Signed-off-by: Kees Cook <kees@kernel.org>
---
 v2: Rebased on to latest upstream, which has sanitize_code_type now.
Cc: Indu Bhagat <indu.bhagat@oracle.com>
Cc: Claudiu Zissulescu <claudiu.zissulescu-ianculescu@oracle.com>
Cc: Andrew Pinski <andrew.pinski@oss.qualcomm.com>
---
 gcc/asan.h                |  8 ++++++-
 gcc/c-family/c-attribs.cc | 49 +++++++++++++++++++++++++++------------
 gcc/d/d-attribs.cc        | 17 ++++++++++----
 3 files changed, 54 insertions(+), 20 deletions(-)

diff --git a/gcc/asan.h b/gcc/asan.h
index a24562f67a29..f5dc3d7ceb8d 100644
--- a/gcc/asan.h
+++ b/gcc/asan.h
@@ -253,7 +253,13 @@ sanitize_flags_p (sanitize_code_type flag,
     {
       tree value = lookup_attribute ("no_sanitize", DECL_ATTRIBUTES (fn));
       if (value)
-	result_flags &= ~tree_to_uhwi (TREE_VALUE (value));
+	{
+	  /* Extract the INTEGER_CST from the TREE_LIST wrapper.  */
+	  tree attr_args = TREE_VALUE (value);
+	  gcc_assert (attr_args && TREE_CODE (attr_args) == TREE_LIST);
+	  sanitize_code_type no_sanitize_flags = tree_to_sanitize_code_type (TREE_VALUE (attr_args));
+	  result_flags &= ~no_sanitize_flags;
+	}
     }
 
   return result_flags;
diff --git a/gcc/c-family/c-attribs.cc b/gcc/c-family/c-attribs.cc
index 1e3a94ed9493..e629601579ef 100644
--- a/gcc/c-family/c-attribs.cc
+++ b/gcc/c-family/c-attribs.cc
@@ -1425,20 +1425,27 @@ add_no_sanitize_value (tree node, sanitize_code_type flags)

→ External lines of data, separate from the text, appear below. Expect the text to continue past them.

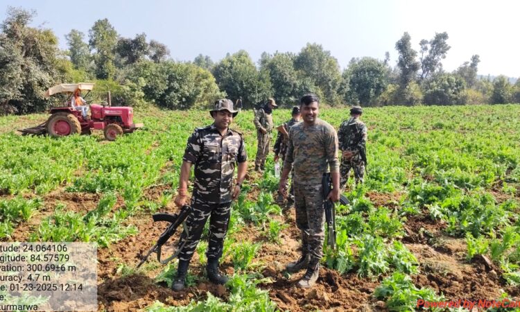 Chatra : लावालौंग पुलिस ने गुरुवार को अफीम/ पोस्ता की खेती को विनष्टीकरण अभियान चलाकर अनुमंडल पुलिस पदाधिकारी के नेतृत्व में किया। थाना क्षेत्र के रिमी पंचायत अंतर्गत कुकुरमारवा गांव की वन भूमि पर लगे 14 एकड़ में लहलहाते अफीम पोस्ता की खेती को ट्रैक्टर चलाकर विनष्टीकरण किया है, वहीं जानकारी के अनुसार थाना प्रभारी रुपेश कुमार ने बताया कि रिमी पंचायत अंतर्गत कुकुरमार्वा गांव की बीहड़ जंगलो में वन भूमि पर 14 एकड़ में लगे अफीम पोस्ता की खेती ट्रैक्टर चलाकर विनष्टीकरण किया गया है। तथा अफीम पोस्ता की खेती करने वाले लोगों को सत्यापन कर एनडीपीएस एक्ट के तहत मुकदमे दर्ज की जा रही है। उन्होंने आगे यह भी कहा कि लोग पोस्ता की जगह दूसरे फसल करके जीवन यापन कर सकते हैं , यह अवैध और ज़हरीली खेती है यह खेती मानव जीवन में भी प्रभावित करता है अभियान के दौरान पुलिस बल व वन विभाग के लोग शामिल थे।
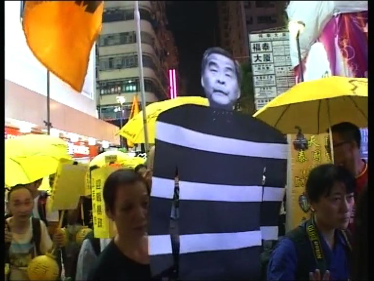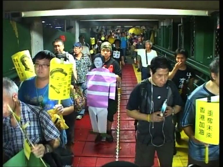 【now新聞台】有市民響應網上號召,由旺角遊行至政府總部,紀念佔領運動將近一周年。
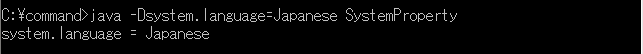 Javaコマンドを-Dオプションで実行すると、システム・プロパティsystem.languageにJapaneseが設定されている。
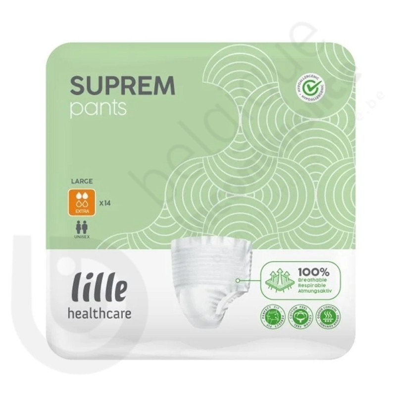 La protection Lille Suprem Pants Extra est un change mobile en non-tissé de la marque Lille qui convient en cas d'incontinence urinaire ou fécale modérée.
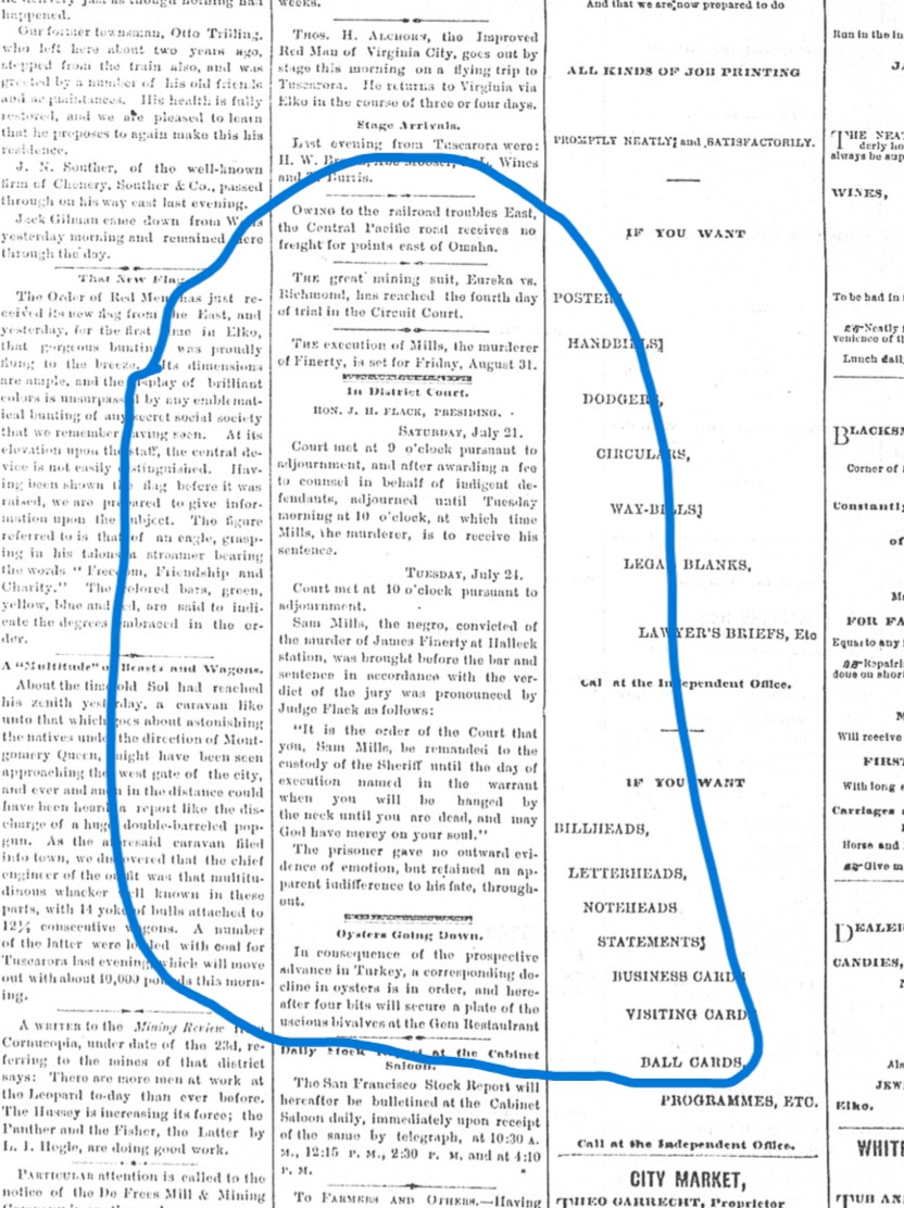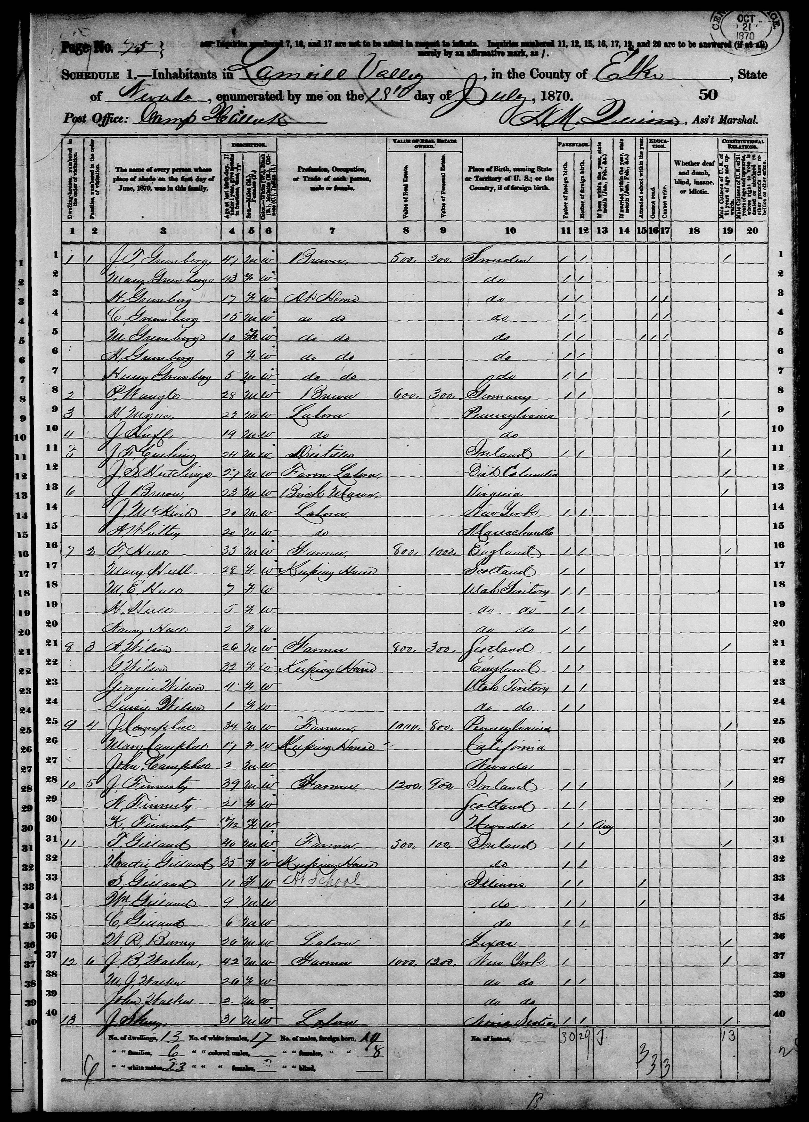 James FINNERTY born 05 Dec 1829 in Ireland; served during Civil War "James Finnerty was commissioned and mustered in as 2nd lieutenant of Captain John B. Urmy's Company G, 3rd California Infantry, at Benicia Barracks, California, June 8, 1862. He was promoted to 1st lieutenant and transferred to Captain Josiah Hosmer's Company E, 3rd California Infantry, July 2, 1864. During his service in Utah Territory, he protected the overland mail route. First Lieutenant Finnerty was discharged at Camp Douglas, Utah Territory, due to the consolidation of his regiment into a battalion of infantry."; married Nettie Janet McGAVIN born ca 1851 in Scotland; died 24 Dec 1914; she first married James FINNERTY, second married William Gardner RANDOLPH born 1852 - died 1936. James and Nettie FINNERTY resided in Halleck, Elko County NV. James served as Justice for Town of Lamoille 19 Nov 1870; died 25 Jan 1875, in Lamoille from gunshot.
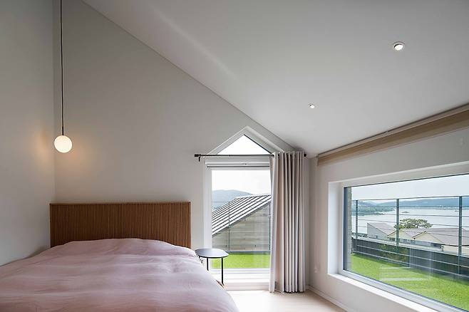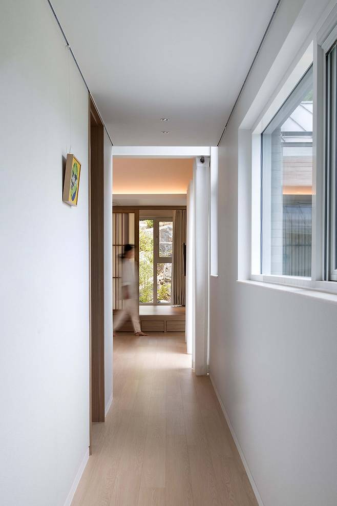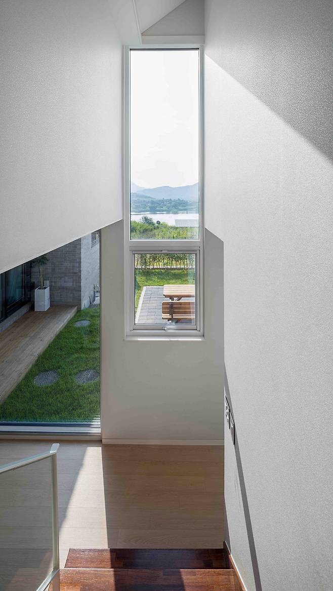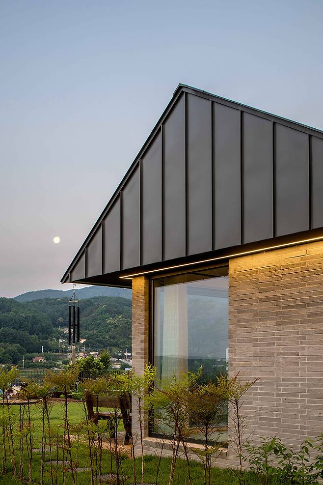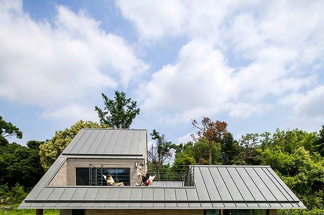 ‘ㄷ’ 형태를 따라 형성된 세 개의 지붕은 쓰임과 의도에 따라 각기 다른 공간감을 부여한다. 깊게 드리운 짙은 색의 처마는 다이닝룸에 무게감을 주고 처마로 둘러싸인 창은 자연의 모습을 담는 프레임이 되어 고즈넉하고 차분한 분위기를 자아낸다. 이러한 지붕의 무게감과 반대로 실내는 밝고 높은 천장 덕에 밖의 풍경을 입체적으로 끌어들여 공간에 몰입감을 더한다. 안방과 서재의 낮은 층고를 보완해주는 완만한 지붕은 경사를 드러내 답답하지 않은 안정감과 아늑함을 준다. 2층 역시 가파르고 높은 층고를 드러내는 지붕이 탁 트인 개방감을 선사한다.

   tree attr = lookup_attribute ("no_sanitize", DECL_ATTRIBUTES (node));
   if (attr)
     {
-      sanitize_code_type old_value =
-	tree_to_sanitize_code_type (TREE_VALUE (attr));
+      /* Extract the INTEGER_CST from the TREE_LIST wrapper.  */
+      tree attr_args = TREE_VALUE (attr);
+      gcc_assert (attr_args && TREE_CODE (attr_args) == TREE_LIST);
+      sanitize_code_type old_value = tree_to_sanitize_code_type (TREE_VALUE (attr_args));
+
       flags |= old_value;
 
       if (flags == old_value)
 	return;
 
-      TREE_VALUE (attr) = build_int_cst (uint64_type_node, flags);
+      tree new_value = build_tree_list (NULL_TREE,
+					build_int_cst (uint64_type_node, flags));
+      TREE_VALUE (attr) = new_value;
     }
   else
-    DECL_ATTRIBUTES (node)
-      = tree_cons (get_identifier ("no_sanitize"),
-		   build_int_cst (uint64_type_node, flags),
-		   DECL_ATTRIBUTES (node));
+    {
+      tree attr_value = build_tree_list (NULL_TREE,
+					 build_int_cst (uint64_type_node, flags));
+      DECL_ATTRIBUTES (node) = tree_cons (get_identifier ("no_sanitize"), attr_value,
+					  DECL_ATTRIBUTES (node));
+    }
 }
 
 /* Handle a "no_sanitize" attribute; arguments as in
@@ -1456,17 +1463,29 @@ handle_no_sanitize_attribute (tree *node, tree name, tree args, int,
       return NULL_TREE;
     }
 
-  for (; args; args = TREE_CHAIN (args))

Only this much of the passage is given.